THE PROBLEM
Reproduction without pictures: print every entry precisely as written.

(Saved data entries)
[Start of section]
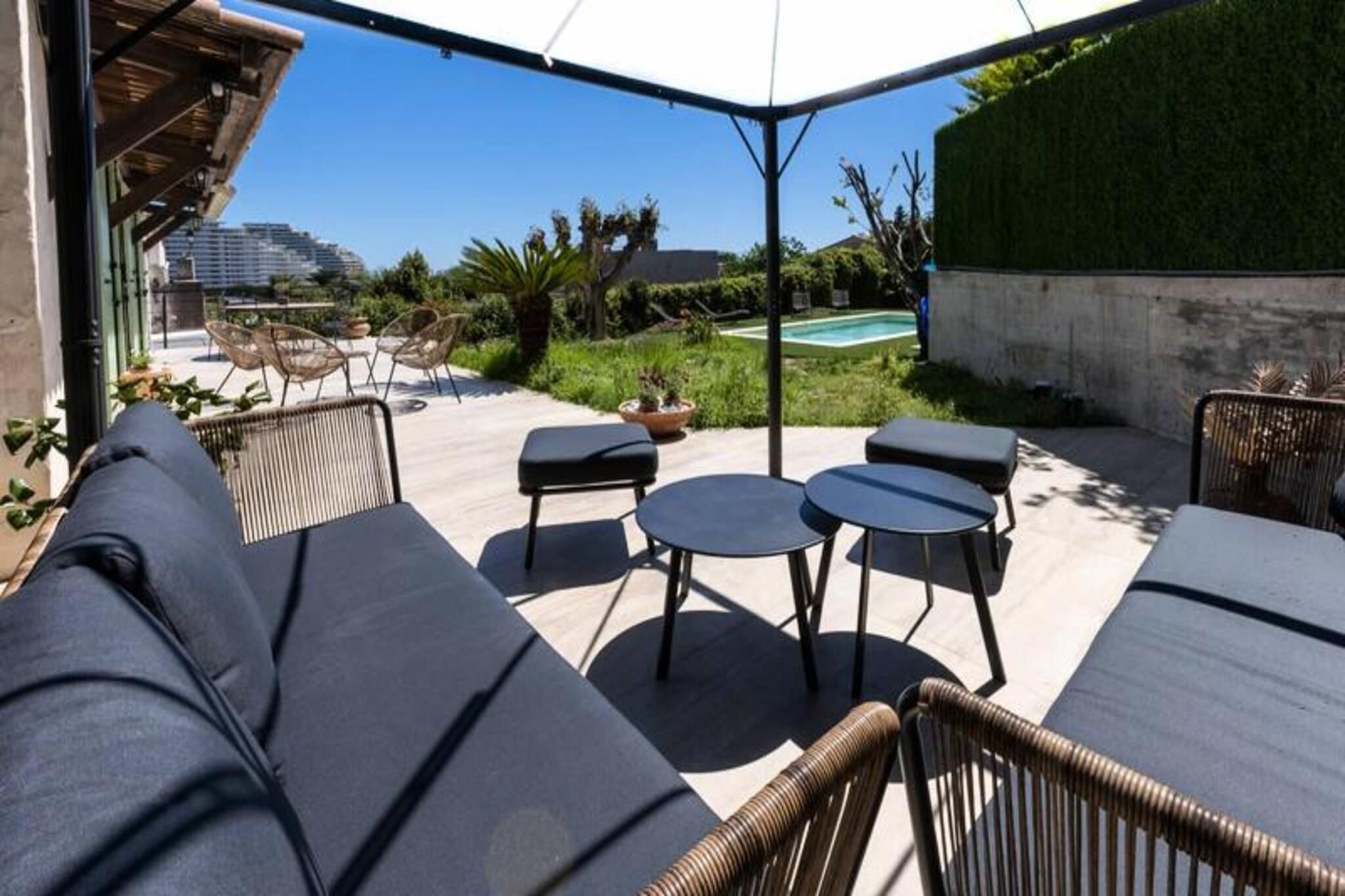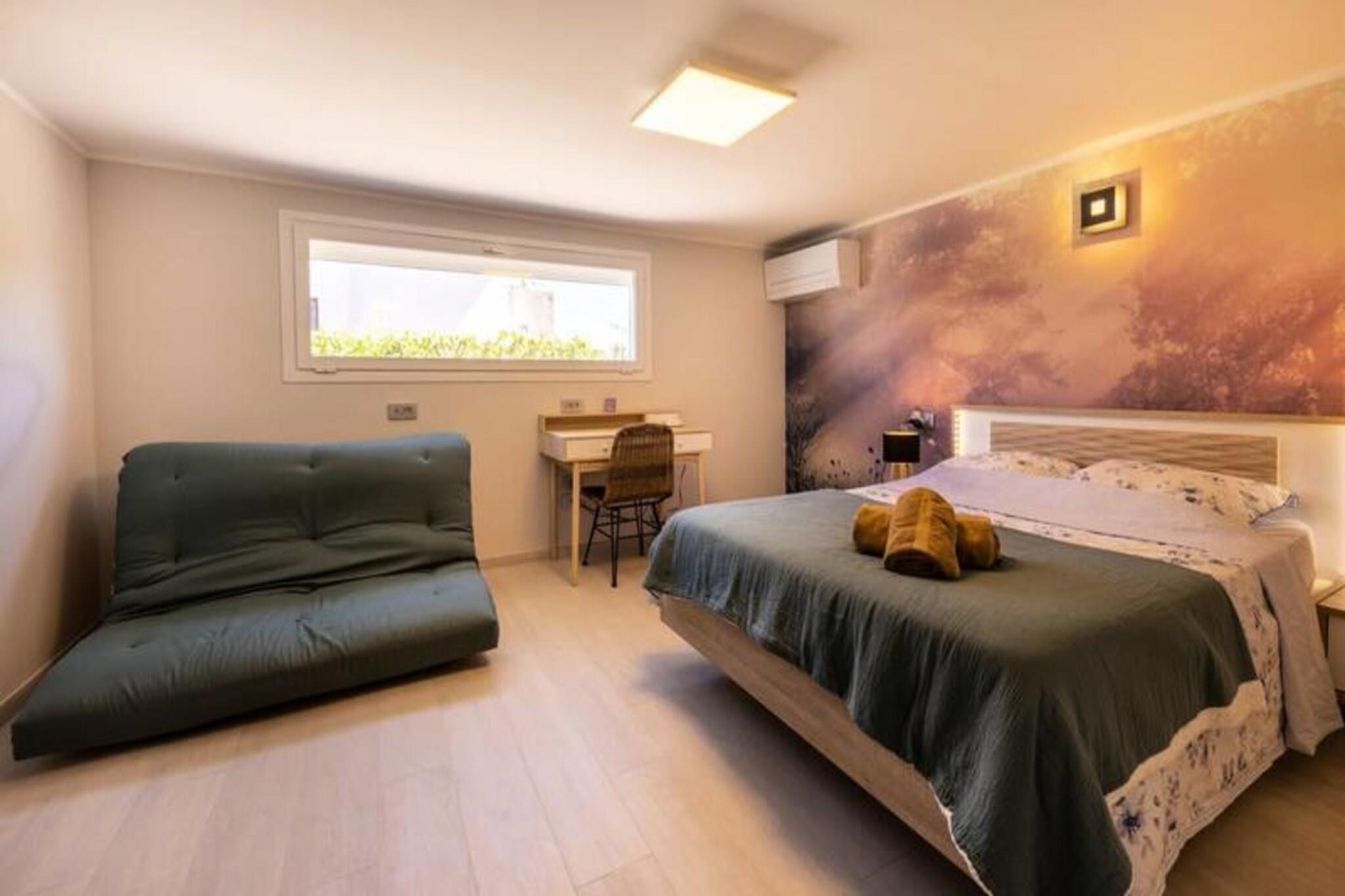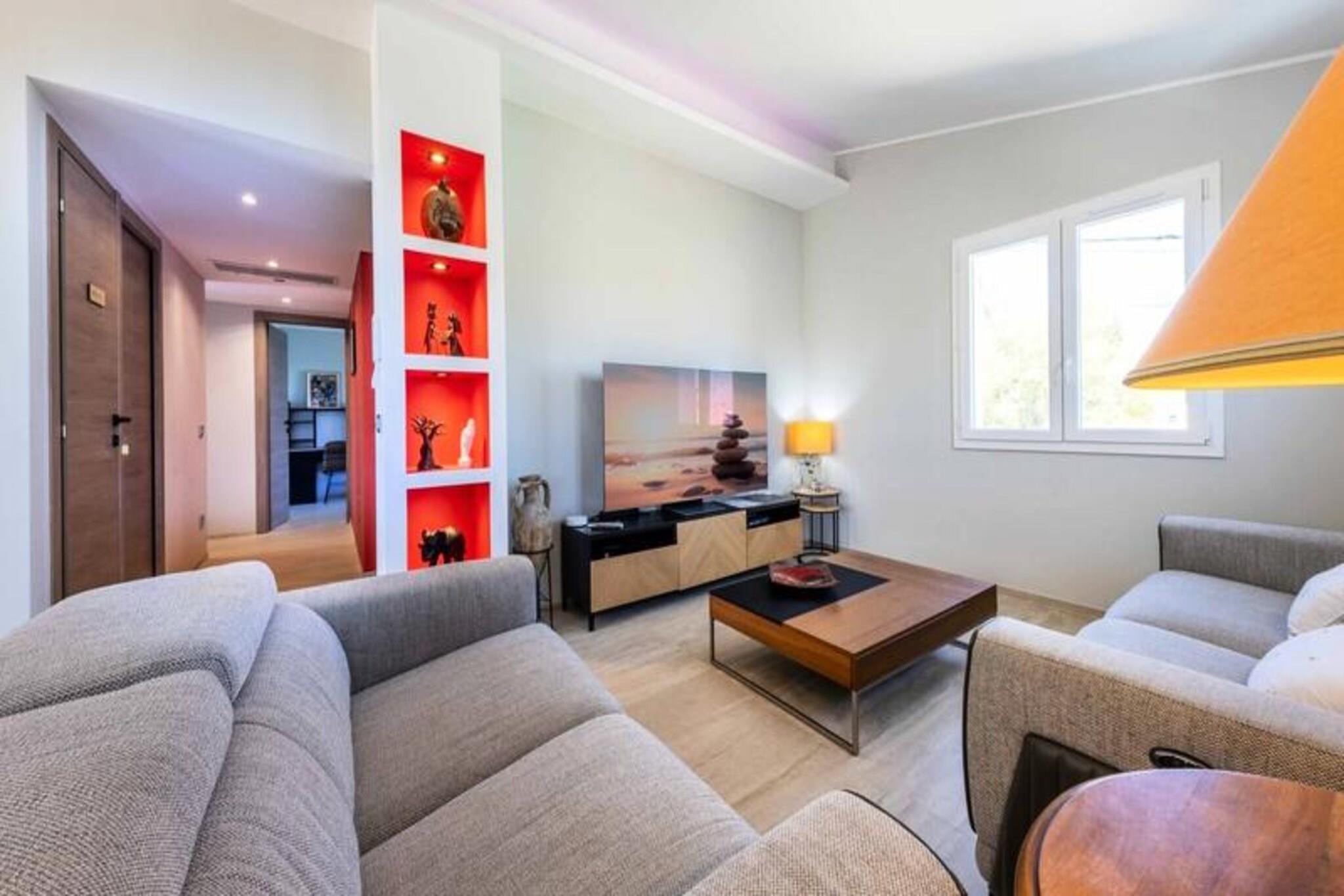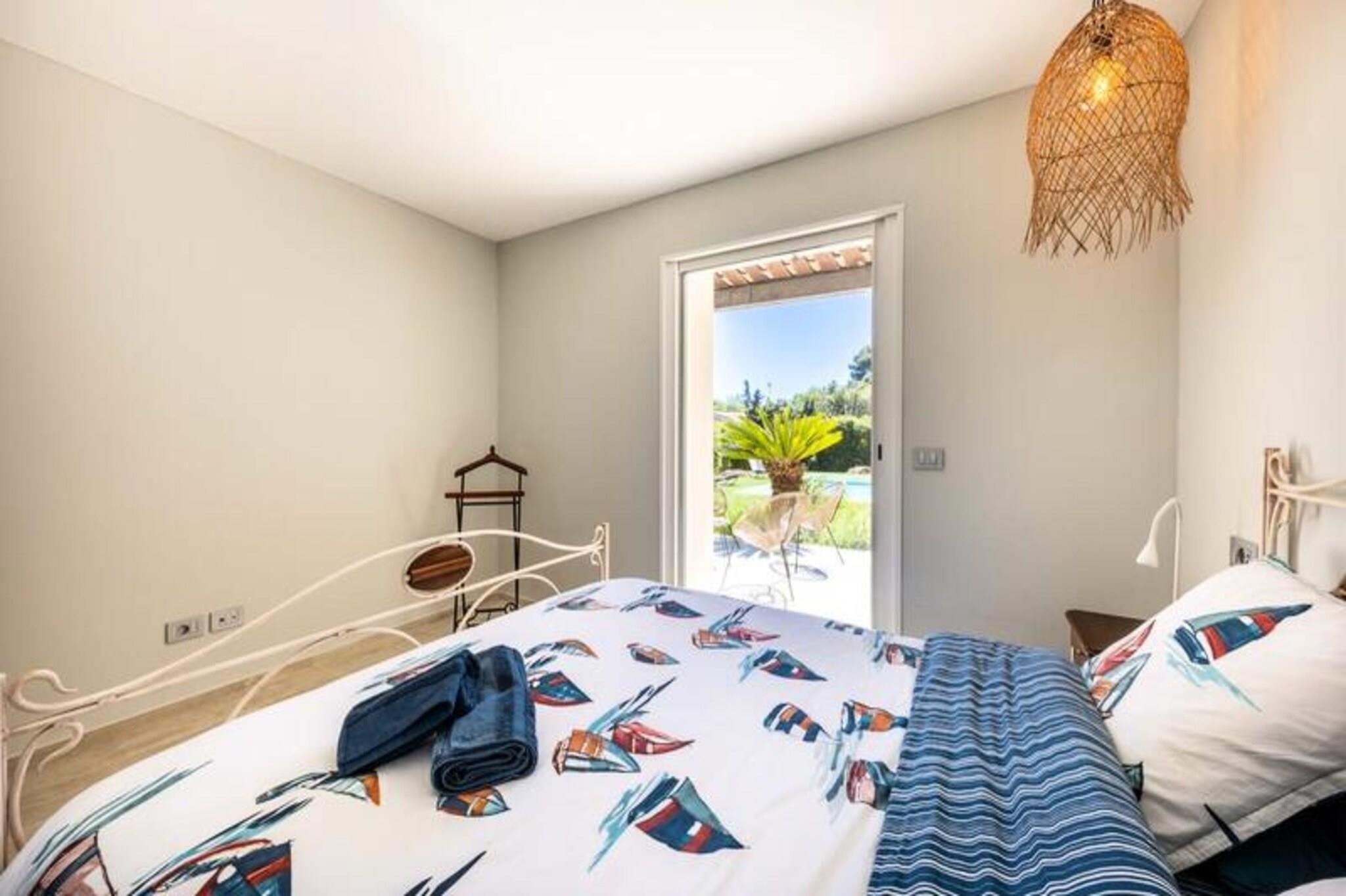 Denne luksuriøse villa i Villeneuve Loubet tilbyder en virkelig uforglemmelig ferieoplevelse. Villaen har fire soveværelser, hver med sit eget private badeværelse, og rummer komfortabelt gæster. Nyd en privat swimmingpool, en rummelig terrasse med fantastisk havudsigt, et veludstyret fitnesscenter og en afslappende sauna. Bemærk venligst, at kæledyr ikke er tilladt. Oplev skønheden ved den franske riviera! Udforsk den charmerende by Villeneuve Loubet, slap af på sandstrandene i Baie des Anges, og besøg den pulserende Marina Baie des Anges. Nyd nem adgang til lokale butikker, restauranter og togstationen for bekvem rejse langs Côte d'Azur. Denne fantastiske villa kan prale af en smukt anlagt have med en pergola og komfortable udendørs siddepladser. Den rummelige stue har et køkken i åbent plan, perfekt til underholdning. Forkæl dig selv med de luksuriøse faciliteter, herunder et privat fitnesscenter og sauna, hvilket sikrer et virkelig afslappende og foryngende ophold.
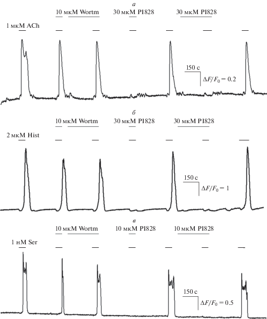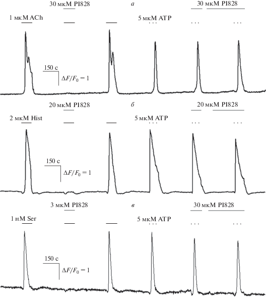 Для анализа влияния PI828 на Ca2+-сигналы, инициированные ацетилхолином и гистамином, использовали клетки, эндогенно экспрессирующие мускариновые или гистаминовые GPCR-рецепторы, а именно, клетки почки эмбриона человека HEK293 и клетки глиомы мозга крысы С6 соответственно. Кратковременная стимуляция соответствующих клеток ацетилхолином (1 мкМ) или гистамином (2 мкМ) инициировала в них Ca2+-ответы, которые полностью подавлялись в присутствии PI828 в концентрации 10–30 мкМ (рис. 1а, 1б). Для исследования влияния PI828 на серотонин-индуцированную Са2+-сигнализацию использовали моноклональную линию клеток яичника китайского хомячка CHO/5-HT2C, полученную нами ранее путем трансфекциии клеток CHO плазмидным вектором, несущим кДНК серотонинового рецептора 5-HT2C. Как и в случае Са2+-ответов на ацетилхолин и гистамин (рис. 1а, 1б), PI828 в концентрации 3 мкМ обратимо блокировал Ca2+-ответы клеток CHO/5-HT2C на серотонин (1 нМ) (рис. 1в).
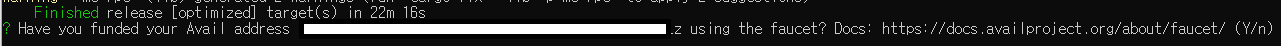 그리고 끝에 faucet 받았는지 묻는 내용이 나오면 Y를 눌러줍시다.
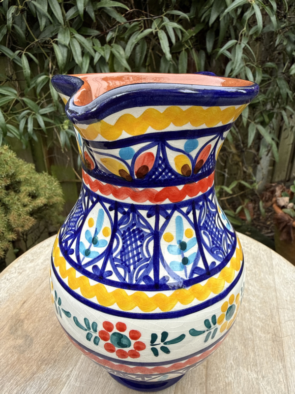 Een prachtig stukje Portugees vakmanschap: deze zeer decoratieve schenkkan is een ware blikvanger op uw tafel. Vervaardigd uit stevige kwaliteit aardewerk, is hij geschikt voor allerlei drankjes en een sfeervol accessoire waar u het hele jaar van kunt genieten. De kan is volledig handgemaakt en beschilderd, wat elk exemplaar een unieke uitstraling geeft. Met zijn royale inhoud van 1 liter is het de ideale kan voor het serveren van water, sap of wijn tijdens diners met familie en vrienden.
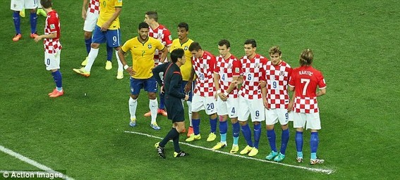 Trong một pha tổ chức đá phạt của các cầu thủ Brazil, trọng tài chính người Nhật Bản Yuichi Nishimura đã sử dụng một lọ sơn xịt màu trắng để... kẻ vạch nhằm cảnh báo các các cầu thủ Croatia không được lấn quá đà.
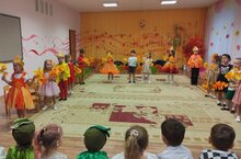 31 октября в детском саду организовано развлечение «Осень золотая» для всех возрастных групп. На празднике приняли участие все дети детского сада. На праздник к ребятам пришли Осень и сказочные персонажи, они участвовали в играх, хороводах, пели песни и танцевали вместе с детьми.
[End of section]
THE COMPLETED TASK
 Denne luksuriøse villa i Villeneuve Loubet tilbyder en virkelig uforglemmelig ferieoplevelse. Villaen har fire soveværelser, hver med sit eget private badeværelse, og rummer komfortabelt gæster. Nyd en privat swimmingpool, en rummelig terrasse med fantastisk havudsigt, et veludstyret fitnesscenter og en afslappende sauna. Bemærk venligst, at kæledyr ikke er tilladt. Oplev skønheden ved den franske riviera! Udforsk den charmerende by Villeneuve Loubet, slap af på sandstrandene i Baie des Anges, og besøg den pulserende Marina Baie des Anges. Nyd nem adgang til lokale butikker, restauranter og togstationen for bekvem rejse langs Côte d'Azur. Denne fantastiske villa kan prale af en smukt anlagt have med en pergola og komfortable udendørs siddepladser. Den rummelige stue har et køkken i åbent plan, perfekt til underholdning. Forkæl dig selv med de luksuriøse faciliteter, herunder et privat fitnesscenter og sauna, hvilket sikrer et virkelig afslappende og foryngende ophold.
 Для анализа влияния PI828 на Ca2+-сигналы, инициированные ацетилхолином и гистамином, использовали клетки, эндогенно экспрессирующие мускариновые или гистаминовые GPCR-рецепторы, а именно, клетки почки эмбриона человека HEK293 и клетки глиомы мозга крысы С6 соответственно. Кратковременная стимуляция соответствующих клеток ацетилхолином (1 мкМ) или гистамином (2 мкМ) инициировала в них Ca2+-ответы, которые полностью подавлялись в присутствии PI828 в концентрации 10–30 мкМ (рис. 1а, 1б). Для исследования влияния PI828 на серотонин-индуцированную Са2+-сигнализацию использовали моноклональную линию клеток яичника китайского хомячка CHO/5-HT2C, полученную нами ранее путем трансфекциии клеток CHO плазмидным вектором, несущим кДНК серотонинового рецептора 5-HT2C. Как и в случае Са2+-ответов на ацетилхолин и гистамин (рис. 1а, 1б), PI828 в концентрации 3 мкМ обратимо блокировал Ca2+-ответы клеток CHO/5-HT2C на серотонин (1 нМ) (рис. 1в).
 그리고 끝에 faucet 받았는지 묻는 내용이 나오면 Y를 눌러줍시다.
 Een prachtig stukje Portugees vakmanschap: deze zeer decoratieve schenkkan is een ware blikvanger op uw tafel. Vervaardigd uit stevige kwaliteit aardewerk, is hij geschikt voor allerlei drankjes en een sfeervol accessoire waar u het hele jaar van kunt genieten. De kan is volledig handgemaakt en beschilderd, wat elk exemplaar een unieke uitstraling geeft. Met zijn royale inhoud van 1 liter is het de ideale kan voor het serveren van water, sap of wijn tijdens diners met familie en vrienden.
 Trong một pha tổ chức đá phạt của các cầu thủ Brazil, trọng tài chính người Nhật Bản Yuichi Nishimura đã sử dụng một lọ sơn xịt màu trắng để... kẻ vạch nhằm cảnh báo các các cầu thủ Croatia không được lấn quá đà.
 31 октября в детском саду организовано развлечение «Осень золотая» для всех возрастных групп. На празднике приняли участие все дети детского сада. На праздник к ребятам пришли Осень и сказочные персонажи, они участвовали в играх, хороводах, пели песни и танцевали вместе с детьми.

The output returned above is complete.